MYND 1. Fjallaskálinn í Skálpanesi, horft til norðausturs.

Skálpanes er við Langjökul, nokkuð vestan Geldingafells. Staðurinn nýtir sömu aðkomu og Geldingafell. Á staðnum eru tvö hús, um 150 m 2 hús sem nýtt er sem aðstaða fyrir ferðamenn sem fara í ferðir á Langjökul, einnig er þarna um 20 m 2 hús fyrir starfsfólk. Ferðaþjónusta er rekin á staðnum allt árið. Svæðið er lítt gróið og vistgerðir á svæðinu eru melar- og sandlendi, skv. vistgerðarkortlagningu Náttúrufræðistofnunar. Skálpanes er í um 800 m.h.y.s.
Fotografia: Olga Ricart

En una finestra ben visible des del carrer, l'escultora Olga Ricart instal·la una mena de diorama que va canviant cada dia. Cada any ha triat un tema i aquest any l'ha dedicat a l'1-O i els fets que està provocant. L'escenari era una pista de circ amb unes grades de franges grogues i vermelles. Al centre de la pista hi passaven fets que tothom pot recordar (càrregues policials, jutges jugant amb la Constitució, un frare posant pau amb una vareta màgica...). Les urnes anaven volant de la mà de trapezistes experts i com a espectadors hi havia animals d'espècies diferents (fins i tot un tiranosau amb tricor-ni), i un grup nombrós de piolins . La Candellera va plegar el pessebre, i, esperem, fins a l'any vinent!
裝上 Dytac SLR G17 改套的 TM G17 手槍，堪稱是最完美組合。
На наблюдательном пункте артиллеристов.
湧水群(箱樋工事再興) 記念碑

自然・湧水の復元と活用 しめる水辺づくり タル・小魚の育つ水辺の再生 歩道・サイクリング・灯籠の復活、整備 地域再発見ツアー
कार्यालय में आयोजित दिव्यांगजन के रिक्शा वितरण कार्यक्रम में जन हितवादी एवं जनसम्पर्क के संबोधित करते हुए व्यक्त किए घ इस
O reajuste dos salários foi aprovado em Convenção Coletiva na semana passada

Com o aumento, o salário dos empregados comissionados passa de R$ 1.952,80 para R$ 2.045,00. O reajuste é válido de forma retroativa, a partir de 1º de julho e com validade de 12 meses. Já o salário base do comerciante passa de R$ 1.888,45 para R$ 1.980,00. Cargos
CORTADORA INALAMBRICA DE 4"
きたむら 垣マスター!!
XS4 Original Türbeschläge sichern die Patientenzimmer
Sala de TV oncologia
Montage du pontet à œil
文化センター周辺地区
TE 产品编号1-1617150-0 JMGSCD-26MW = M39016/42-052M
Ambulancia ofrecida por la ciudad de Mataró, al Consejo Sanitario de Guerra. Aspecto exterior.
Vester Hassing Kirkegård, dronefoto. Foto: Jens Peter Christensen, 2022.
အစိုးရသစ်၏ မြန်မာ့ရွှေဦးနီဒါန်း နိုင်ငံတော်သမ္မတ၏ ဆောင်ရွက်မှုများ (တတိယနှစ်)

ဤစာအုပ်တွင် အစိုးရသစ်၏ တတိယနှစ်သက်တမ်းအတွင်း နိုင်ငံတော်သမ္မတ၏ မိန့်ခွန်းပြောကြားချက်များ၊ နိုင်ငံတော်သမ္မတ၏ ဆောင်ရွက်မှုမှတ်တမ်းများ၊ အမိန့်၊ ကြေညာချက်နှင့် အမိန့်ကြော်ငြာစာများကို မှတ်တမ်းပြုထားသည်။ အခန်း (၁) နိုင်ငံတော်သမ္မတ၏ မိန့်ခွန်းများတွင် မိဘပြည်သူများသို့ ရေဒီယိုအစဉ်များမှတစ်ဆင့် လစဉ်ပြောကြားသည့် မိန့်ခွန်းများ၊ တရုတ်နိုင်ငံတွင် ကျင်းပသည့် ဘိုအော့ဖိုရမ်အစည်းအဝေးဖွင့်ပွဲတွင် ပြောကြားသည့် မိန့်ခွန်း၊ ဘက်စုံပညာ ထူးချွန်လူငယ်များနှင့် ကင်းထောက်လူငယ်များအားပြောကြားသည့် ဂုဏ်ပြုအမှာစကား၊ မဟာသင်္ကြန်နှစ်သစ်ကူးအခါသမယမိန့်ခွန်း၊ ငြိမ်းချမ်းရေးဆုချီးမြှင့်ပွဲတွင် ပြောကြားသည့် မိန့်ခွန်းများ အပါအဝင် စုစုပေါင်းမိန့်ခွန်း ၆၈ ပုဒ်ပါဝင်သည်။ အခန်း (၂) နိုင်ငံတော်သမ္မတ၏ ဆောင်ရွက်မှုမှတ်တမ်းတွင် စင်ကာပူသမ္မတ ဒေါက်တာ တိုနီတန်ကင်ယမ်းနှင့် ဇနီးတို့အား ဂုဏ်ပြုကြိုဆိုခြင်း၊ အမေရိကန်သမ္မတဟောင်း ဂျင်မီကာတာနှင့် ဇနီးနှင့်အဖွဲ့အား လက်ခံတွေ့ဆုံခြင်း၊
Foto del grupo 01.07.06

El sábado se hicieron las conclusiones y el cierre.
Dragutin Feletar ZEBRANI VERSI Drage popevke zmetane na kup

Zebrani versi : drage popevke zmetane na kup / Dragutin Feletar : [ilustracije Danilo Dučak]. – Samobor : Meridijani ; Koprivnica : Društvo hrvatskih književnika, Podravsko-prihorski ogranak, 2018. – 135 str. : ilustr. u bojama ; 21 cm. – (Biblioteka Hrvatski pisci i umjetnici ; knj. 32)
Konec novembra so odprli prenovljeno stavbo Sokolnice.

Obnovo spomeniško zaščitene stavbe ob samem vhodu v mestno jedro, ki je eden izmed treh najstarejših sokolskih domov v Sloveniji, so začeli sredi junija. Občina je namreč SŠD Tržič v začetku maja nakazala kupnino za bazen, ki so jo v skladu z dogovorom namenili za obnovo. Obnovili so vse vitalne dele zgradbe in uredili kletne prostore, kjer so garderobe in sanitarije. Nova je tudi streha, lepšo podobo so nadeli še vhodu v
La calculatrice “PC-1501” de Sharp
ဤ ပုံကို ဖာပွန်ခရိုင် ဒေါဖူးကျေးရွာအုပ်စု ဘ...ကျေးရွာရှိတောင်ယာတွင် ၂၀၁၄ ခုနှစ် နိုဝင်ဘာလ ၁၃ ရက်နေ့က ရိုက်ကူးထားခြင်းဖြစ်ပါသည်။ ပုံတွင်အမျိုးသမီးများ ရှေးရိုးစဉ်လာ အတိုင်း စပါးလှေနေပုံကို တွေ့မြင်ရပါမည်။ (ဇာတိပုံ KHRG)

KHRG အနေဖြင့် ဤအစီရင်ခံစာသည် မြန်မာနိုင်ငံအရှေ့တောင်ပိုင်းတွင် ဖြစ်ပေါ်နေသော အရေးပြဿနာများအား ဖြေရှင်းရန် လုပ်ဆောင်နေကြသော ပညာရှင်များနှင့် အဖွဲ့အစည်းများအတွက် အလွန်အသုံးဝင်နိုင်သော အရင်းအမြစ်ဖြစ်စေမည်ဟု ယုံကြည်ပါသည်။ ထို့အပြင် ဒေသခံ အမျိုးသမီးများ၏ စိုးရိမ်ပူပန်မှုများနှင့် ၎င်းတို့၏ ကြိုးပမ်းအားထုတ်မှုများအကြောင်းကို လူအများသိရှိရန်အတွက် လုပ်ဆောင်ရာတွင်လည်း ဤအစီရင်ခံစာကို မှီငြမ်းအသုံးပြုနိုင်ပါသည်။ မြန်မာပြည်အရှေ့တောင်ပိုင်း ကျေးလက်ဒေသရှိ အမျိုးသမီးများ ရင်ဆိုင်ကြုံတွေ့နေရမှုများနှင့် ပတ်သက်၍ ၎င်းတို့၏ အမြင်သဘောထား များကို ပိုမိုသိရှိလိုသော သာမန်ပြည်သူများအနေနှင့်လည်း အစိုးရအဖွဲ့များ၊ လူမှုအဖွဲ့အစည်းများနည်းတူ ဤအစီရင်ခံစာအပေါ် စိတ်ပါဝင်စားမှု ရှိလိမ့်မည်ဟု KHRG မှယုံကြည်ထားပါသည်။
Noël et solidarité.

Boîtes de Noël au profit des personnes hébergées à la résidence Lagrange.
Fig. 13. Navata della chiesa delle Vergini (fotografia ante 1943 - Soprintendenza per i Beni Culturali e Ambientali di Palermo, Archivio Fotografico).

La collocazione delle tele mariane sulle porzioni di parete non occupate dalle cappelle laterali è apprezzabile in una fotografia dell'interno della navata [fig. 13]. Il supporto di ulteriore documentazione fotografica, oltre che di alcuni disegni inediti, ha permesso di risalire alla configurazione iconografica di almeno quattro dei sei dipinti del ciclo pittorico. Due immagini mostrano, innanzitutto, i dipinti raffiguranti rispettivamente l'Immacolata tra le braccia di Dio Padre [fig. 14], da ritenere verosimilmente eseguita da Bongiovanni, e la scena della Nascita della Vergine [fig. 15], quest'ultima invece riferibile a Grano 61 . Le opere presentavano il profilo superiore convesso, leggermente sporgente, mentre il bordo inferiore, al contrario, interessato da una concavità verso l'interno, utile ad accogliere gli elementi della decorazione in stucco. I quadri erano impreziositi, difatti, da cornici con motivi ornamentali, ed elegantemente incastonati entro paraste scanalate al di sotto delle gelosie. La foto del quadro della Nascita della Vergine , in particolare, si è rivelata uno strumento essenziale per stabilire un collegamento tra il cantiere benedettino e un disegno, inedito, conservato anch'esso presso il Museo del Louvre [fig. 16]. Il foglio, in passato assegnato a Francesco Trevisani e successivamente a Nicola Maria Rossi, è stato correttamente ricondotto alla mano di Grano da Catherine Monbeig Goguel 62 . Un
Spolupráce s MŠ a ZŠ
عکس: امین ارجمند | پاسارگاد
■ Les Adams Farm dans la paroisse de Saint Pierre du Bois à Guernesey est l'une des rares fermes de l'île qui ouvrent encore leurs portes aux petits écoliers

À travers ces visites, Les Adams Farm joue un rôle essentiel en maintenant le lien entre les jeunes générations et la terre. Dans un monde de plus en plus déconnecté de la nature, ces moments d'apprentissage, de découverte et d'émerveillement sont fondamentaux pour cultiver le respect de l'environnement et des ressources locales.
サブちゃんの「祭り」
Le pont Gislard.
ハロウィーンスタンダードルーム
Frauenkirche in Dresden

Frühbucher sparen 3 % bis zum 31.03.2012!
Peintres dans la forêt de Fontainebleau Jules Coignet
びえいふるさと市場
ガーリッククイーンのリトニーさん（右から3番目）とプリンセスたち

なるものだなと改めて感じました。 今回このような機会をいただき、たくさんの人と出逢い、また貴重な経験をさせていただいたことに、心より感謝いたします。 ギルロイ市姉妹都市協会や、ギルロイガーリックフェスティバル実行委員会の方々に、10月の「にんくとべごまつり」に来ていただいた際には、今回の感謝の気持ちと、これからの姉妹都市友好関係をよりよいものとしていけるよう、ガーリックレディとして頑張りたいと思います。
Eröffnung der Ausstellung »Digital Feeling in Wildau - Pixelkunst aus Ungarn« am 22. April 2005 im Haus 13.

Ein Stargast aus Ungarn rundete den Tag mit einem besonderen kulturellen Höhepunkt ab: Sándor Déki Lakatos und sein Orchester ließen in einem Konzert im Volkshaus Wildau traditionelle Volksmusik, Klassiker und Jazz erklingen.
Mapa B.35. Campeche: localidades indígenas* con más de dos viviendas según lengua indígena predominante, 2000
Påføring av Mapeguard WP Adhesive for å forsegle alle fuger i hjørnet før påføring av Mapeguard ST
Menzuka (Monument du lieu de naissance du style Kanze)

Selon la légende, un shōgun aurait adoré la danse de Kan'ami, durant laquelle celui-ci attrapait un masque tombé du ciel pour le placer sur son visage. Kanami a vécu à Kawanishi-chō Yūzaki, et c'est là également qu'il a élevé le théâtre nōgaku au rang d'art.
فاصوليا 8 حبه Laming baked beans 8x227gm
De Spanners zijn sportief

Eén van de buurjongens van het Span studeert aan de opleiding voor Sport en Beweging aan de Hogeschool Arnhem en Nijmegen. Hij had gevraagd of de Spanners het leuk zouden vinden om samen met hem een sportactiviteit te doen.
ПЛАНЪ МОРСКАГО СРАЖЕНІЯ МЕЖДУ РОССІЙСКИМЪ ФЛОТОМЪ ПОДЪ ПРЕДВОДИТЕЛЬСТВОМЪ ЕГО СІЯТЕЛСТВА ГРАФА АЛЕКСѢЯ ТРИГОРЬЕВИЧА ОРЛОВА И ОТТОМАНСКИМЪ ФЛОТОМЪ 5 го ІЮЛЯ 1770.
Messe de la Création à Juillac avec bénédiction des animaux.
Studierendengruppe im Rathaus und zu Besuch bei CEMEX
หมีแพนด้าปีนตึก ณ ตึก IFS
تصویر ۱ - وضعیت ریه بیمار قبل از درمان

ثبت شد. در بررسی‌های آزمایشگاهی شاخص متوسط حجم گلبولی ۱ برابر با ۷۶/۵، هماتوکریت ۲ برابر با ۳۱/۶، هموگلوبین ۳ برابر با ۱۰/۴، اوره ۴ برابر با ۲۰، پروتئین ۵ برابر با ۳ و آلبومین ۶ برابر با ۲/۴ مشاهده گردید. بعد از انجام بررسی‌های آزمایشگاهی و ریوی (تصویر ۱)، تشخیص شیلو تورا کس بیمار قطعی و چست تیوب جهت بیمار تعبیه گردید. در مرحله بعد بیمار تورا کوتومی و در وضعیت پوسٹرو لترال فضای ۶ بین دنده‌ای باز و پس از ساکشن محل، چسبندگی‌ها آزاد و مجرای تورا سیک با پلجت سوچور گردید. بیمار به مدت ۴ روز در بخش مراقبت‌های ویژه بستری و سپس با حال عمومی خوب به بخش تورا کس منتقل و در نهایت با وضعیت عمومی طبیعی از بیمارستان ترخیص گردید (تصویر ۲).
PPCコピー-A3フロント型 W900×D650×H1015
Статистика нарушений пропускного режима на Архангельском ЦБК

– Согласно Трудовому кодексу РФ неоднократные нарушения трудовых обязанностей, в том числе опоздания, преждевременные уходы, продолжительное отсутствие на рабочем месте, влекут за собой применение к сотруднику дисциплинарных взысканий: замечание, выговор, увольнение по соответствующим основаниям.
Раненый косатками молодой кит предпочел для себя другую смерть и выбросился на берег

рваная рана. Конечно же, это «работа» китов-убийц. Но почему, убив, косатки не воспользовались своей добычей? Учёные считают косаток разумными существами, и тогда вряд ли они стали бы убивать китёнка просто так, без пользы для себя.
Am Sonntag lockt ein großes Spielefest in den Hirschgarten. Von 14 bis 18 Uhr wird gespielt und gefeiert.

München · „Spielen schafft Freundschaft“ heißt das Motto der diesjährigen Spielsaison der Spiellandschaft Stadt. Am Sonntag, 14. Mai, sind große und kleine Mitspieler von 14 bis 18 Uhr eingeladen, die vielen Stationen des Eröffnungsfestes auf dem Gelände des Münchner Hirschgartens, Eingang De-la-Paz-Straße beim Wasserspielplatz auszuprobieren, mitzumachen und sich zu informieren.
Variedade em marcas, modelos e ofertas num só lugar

__WHAT IS BEING ASKED__: Once the line with "TE 产品编号1-1617150-0 JMGSCD-26MW" is found in the records above, print exactly that line and every line after it through the line with "အစိုးရသစ်၏ မြန်မာ့ရွှေဦးနီဒါန်း နိုင်ငံတော်သမ္မတ၏".

__RESPONSE FOR THIS EXERCISE__:
TE 产品编号1-1617150-0 JMGSCD-26MW = M39016/42-052M
Ambulancia ofrecida por la ciudad de Mataró, al Consejo Sanitario de Guerra. Aspecto exterior.
Vester Hassing Kirkegård, dronefoto. Foto: Jens Peter Christensen, 2022.
အစိုးရသစ်၏ မြန်မာ့ရွှေဦးနီဒါန်း နိုင်ငံတော်သမ္မတ၏ ဆောင်ရွက်မှုများ (တတိယနှစ်)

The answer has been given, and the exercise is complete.